Say the US now agrees & the UN Security Council resolves to recognize a Palestinian state. What happens next?
Do the Arab Palestinians & the Jewish Israelis then hold referenda to decide whether they want two states or one?
What if one side decides one state & the other decides two?
If one side decides one state because it feels it has a demographic majority which will give it superior power over the minority, then the other side should not agree, unless it feels it will relatively soon have, and retain, a demographic majority.
Or three states? I have a vague memory that maybe Sayed Kashua once suggested something like this, anyhow, now Arad Sharon has suggested it (in a post on Facebook): a secular non-nationalist state of all its citizens of Tel Aviv & Haifa, with “room for anyone who believes in peace, the rights of the other, public welfare, & proper relations with the peoples of the world, without difference of race, religion or nation”; a nationalist-Messianist state of “Jerusalem & its periphery”, for “those who prefer to continue with Bibi and a government of the extreme right & to go on engaging in nationalism, graves of the forefathers, religious/nationalist Zionism, etc.”, & a “state of Palestine to be established in the territories occupied in ’67 & in Gaza”.
Or maybe four? Cantons rather than states, maybe: secular, Arabic-speaking; secular, Hebrew-speaking; religious, Islamic; religious, Judaic? So maybe more – add a Christian canton, a Druze canton? & maybe Arabic-speaking & Hebrew speaking yogic cantons, Rasta cantons, etc., etc. ? Mightn’t a cantonal system based on life-styles be an interesting civic innovation?
Still, however far I take such imaginative flights, I come back to the language difference.
So, say a majority on both sides agree on one democratic state of all its citizens. Then, I imagine, this would have to be a truly bi-national state, with equal rights of national self-determination for all citizens.
Why this proviso? The lines in the meme below (I felt I just had to make it a meme) should make it clear. I thinks that if we can imagine a resolution for this issue, we can then go on to the next, which in some sense is its corollary – the right of return.
So: two equally independent national cultural autonomies in one state, with equally (per capita?) resourced independent national school systems, cultural institutions?
Or one educational system in which classes are held in both languages?
Or: everyone will have to learn the language of the other?

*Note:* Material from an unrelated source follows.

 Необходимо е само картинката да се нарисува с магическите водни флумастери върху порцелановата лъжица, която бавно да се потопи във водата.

Maybe a federation of two states makes more sense ? Like Canada, say, or Belgium – in principle (because in practice I hear things don’t always go so well there). You can choose to live in the Hebrew-speaking part or the Arabic-speaking part. You can move freely through all the land. The federal laws apply to all residents of the federation. The state laws apply to all residents of the states. Sounds OK so far.
The federation will have an army but the states will only have police? I can’t see either side agreeing to this. & with other shit happening in the Middle East, surely every state needs an army.

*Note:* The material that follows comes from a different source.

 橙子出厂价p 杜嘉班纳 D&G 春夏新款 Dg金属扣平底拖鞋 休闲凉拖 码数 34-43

So first there’d have to be trust between the majorities on both sides. There’s the rub. Can such trust be built upon what exists now: the mutual fear, resentment, suspicion, hatred, etc., etc.?
Perhaps, through committed interactions between people from both sides, even while the majorities & their leaders are pulling in the opposite direction. It would have to build into a ground swell of people who are unwilling to continue maintaining the status quo…
I again think Jewish Israelis who want to advance a solution might want to think along the lines of a Sulha Party, like the one I imagined in The Sulha Party Poem.